> [What needs to be done] Below are entries with pictures in them. Output exactly the lines starting at the line with "En enero-noviembre de" and ending at the line with "ごはん、こんにゃくサラダ、わかさぎのフリッター、鶏肉のトマト煮、牛乳", both included, but not the pictures.

*** Extracted data ***

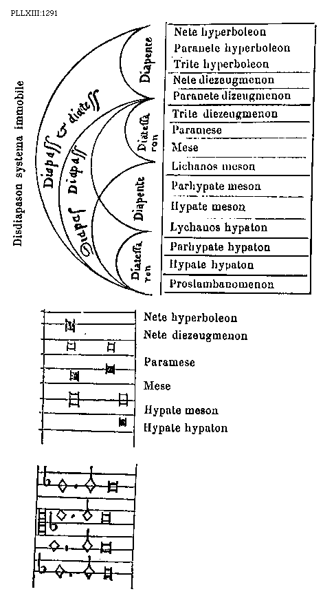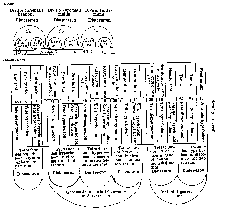 [PLLXIII:1297-98; text: Hemitonium, 12, Paranete hyperboleon, Tonus, 24, Trite hyperboleon, Nete diezeugmenon, Paranete hyperboleon, Nete hyperboleon, Hemitonium cum quarta parte, 18, Trite hyperboleon, Tonus cum quarta parte, 30, Nete diezeugmenon, Tonus cum hemitonio, 36, Octava cum quarta, 9, Pars octava cum quarta, Tonus cum 6/8 vel 3/4, 42, Pars tertia, 8, Tonus cum hemitonio et insuper 3/4, 44, Quatra pars, 6, Pars quarta, Duo toni, 48, Tetrachordos hyperboleon in genere enharmonio partitum. Tetrachordos hyperboleon in chromate molli disectum, Tetrachordos hyperboleon in genere chromatici hemioli divisum, Tetrachordos hyperboleon in chromate tonico separatum, Tetrachordos hyperboleon in genere diatonico molli disjunctum, Tetrachordos hyperboleon in diatonico incitato scissum, Chromatici generis tria secundum Aritoxenum, Diatonici generi duo]
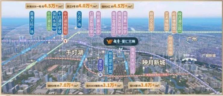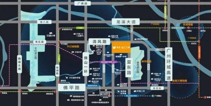 越秀·星汇文瀚选址佛山南海桂城夏东路,地处千灯湖板块东拓与映月湖板块的交汇核心地带。这一地理位置不仅承接了千灯湖CBD的辐射红利,更享有映月湖新兴生态住区的静谧氛围,实现了繁华与自然的完美平衡。
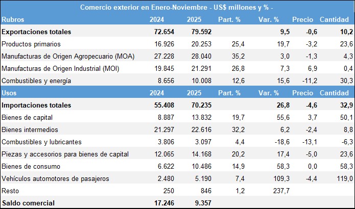 En enero-noviembre de 2025, la balanza comercial de Argentina registró un superávit de US$9.357 millones: las exportaciones sumaron US$ 79.592 millones y las importaciones US$ 70.235 millones.
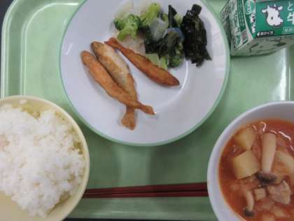 ごはん、こんにゃくサラダ、わかさぎのフリッター、鶏肉のトマト煮、牛乳
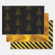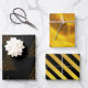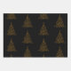 Ce papier d'emballage de Noël doré et noir présente un motif d'arbres de Noël métalliques dorés sur le noir sur la première feuille, un motif tourbillon doré très coloré sur la deuxième feuille, et en accord avec le thème noir et or, un motif rayé doré et noir sur la troisième feuille. Tous les draps ajouteront une touche très élégante, sophistiquée mais festive à votre emballage cadeau de vacances en décembre.
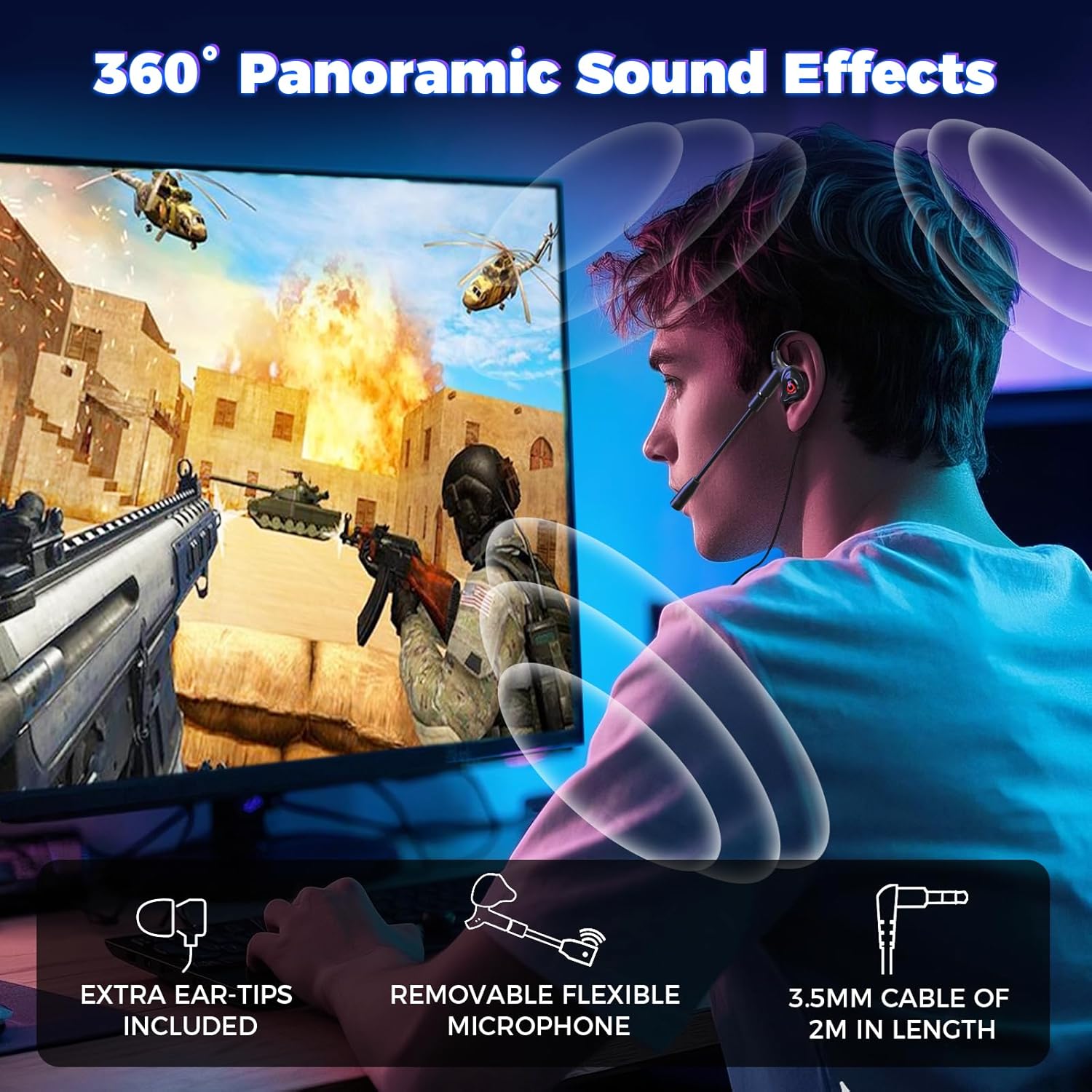 Professional Audio Performance:Equipped with a 10mm custom dynamic driver and a 16-ohm low impedance design, this headset delivers Hi-Fi immersive bass and accurate sound reproduction—perfect for replicating gunshots, footsteps, and ambient game sounds.

*** End of Extracted data ***

> [Expected output]
 En enero-noviembre de 2025, la balanza comercial de Argentina registró un superávit de US$9.357 millones: las exportaciones sumaron US$ 79.592 millones y las importaciones US$ 70.235 millones.
 ごはん、こんにゃくサラダ、わかさぎのフリッター、鶏肉のトマト煮、牛乳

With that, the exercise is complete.